So in the first post, it looks like OP just dumped a bunch of sand on the lower level. At this point, I don't know if he was mixing cell capacities in that level or what configuration it might have even been in. We don't even know if the pictures of the disassembled cells are even in the order that they were installed, but perhaps they are and to the extent that they all look all very similar maybe it doesn't even matter.
If the cells were brushed off (with say a brush or broom), then we would have a better idea as to whether that crude on all the cells is bonded silica (ie. sand) or burned grease from the anti-corrosion treatment? It looks like it has bonded to the cells which are probably related to elevated heat, which would be indicative of high but balanced currents which is also an indication that all the cells were involved in a similar current loop (i.e. one bank discharging into the other). If this is the case, then a BMS with cutoff would have stopped the big current loop but would have done little for an internal short with the single cell.
Without any further clarification, I can summarize what it looks like:
1.) One post on one cell was basically destroyed indicating an imbalance in the cell current flow and a likely short in and around that post. Any current flow to that damaged post would have to be balanced by the current leaving the opposite post. Since the opposite post is not damaged there was obviously a much higher generation of heat developed at that point.
Now one could claim that it is a dirty post that caused elevated heat, but that does not explain why all the other cells seem to have dumped their energy into this cell. Nor does it even explain why there would have been elevated currents which are clearly indicated by the state of all of the posts. The sand appears to be bonded/heat oxidized to all the posts and not simply sitting on top.
This is not from a normal load charge/discharge cycle. It is
indicative of high elevated currents through all cells. However, the heat of this fire which may have in the OP's own words "been hotter than a bakery oven", since it did not even melt the aluminum cases, it was not much above 1100 deg F melting point of AL except in the direct proximity of the burned post. The evidence points to a long sustained drain of energy from many if not all the cells into the short at the single post.
2.)
Had there been separate BMS's with disconnects on the parallel strings, the big energy dump would NOT have occurred. The single cell that shorted would have expended itself, and that string would have been disconnected by the BMS. The fire might have lasted for 1 hour instead of 24 hours, involved only that single cell, and left the remaining cells largely intact if not totally unaffected.
We can conclude this because, with all the energy that was expended, even the damaged cell still only melted a small portion of its thin aluminum case! The crude on all the other cells strongly suggests that they all were under high load and dumped their energies into this single post, and as such this single cell was subjected to a much higher thermal stress than any other post but that sustained current dump still did relatively minor damage to the cell.
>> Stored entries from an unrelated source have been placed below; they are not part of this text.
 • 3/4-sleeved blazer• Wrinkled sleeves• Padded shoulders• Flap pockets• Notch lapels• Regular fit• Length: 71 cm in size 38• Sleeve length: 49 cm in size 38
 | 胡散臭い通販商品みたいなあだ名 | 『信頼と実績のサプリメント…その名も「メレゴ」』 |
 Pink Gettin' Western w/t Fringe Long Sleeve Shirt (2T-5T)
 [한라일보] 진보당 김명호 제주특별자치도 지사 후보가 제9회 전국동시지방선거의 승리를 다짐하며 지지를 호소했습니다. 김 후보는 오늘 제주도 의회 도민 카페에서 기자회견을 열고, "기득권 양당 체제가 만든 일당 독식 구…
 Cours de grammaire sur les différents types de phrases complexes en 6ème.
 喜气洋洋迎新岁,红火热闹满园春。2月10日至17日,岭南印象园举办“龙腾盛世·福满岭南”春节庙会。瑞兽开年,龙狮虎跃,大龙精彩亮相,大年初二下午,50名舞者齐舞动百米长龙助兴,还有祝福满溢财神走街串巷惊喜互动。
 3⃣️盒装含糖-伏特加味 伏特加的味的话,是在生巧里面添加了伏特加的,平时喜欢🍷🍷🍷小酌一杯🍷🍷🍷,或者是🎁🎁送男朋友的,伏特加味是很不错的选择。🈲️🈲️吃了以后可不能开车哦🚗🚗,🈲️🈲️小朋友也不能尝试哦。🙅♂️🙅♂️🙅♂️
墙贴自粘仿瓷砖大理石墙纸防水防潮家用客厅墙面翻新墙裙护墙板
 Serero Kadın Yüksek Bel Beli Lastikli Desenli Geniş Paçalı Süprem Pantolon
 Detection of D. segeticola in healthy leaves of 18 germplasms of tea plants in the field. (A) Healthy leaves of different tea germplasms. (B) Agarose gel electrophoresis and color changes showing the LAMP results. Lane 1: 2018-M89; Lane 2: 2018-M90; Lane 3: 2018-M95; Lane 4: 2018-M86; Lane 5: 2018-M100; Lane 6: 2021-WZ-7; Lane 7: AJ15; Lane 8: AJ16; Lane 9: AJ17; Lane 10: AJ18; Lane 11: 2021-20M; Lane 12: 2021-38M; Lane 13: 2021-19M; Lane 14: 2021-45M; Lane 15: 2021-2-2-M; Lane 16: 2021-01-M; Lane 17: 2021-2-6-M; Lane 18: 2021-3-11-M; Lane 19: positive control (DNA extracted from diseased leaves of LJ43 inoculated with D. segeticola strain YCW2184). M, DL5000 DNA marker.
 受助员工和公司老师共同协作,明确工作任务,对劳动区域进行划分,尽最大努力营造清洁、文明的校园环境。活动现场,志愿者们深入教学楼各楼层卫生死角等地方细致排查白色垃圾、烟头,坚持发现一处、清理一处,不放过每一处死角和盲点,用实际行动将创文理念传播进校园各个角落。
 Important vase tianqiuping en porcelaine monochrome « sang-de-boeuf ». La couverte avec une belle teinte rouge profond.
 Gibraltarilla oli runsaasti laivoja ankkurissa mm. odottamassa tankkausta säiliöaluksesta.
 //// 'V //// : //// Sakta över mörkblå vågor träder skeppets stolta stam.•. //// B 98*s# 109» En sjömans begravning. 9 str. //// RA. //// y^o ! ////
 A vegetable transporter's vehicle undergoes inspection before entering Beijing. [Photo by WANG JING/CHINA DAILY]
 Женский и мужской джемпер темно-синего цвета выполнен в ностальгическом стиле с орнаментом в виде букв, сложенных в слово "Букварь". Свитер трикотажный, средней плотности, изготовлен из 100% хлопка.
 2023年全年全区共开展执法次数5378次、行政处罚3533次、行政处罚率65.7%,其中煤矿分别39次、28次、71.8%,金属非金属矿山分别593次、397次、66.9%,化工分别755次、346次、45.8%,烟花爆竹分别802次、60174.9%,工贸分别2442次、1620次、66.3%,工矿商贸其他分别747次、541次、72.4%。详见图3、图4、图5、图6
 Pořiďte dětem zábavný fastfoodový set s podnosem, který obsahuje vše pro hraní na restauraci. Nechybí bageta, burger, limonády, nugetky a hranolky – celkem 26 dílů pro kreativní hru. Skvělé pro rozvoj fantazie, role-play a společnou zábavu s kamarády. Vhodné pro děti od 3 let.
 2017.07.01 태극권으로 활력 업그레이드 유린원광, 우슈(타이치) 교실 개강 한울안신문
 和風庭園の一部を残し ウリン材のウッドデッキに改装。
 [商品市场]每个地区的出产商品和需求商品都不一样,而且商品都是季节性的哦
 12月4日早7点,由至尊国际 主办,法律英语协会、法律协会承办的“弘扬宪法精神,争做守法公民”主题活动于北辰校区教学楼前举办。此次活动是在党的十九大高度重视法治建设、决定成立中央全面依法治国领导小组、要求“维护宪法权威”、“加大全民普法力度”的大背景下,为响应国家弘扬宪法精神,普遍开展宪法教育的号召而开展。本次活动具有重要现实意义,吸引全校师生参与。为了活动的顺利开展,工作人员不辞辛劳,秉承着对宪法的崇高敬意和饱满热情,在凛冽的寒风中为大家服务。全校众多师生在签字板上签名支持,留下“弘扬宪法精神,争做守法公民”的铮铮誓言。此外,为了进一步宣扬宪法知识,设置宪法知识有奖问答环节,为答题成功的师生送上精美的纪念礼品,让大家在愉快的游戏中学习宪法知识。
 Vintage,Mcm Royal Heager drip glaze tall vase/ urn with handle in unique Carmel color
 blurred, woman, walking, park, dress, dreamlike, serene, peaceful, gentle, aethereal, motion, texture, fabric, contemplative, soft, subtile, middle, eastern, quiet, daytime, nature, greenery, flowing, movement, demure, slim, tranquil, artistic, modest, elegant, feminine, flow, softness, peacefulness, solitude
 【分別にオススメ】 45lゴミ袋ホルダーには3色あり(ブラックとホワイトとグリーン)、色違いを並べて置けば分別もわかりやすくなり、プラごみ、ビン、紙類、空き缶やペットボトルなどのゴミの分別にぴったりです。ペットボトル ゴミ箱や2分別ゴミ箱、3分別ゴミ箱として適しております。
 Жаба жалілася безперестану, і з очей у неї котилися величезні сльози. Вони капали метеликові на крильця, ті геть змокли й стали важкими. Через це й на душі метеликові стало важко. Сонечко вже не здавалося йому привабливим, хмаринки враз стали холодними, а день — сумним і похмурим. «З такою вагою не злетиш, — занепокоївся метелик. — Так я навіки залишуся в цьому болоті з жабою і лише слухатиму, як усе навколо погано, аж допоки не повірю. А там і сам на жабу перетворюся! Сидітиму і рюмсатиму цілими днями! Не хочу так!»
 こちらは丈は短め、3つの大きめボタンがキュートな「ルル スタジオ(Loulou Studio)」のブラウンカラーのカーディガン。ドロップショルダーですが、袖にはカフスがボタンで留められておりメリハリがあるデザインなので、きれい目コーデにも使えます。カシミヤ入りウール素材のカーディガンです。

Essentially if the cell was so damaged that it could not support a current then the source of energy release would have been removed.
Finally, I feel compelled to make the following statements not to disparage the OP, but more to provide some explanations for any other DIY'er that may look at the thread in horror and be dissuaded from building their own DIY battery bank.
Caution of LiFePO4 is warranted but also understanding that the OP violated some fundamental best practices (i.e. no BMS with an automatic current disconnect) also needs to be understood. The violation of this best practice seems to be the primary contributor to the cascading meltdown of something that would have otherwise been easily confined to a single cell. While the OP seems to be very diligent in his efforts to construct this battery system, those efforts are based on what amounts to a trial and error process where error means "smoke release" from the electronics.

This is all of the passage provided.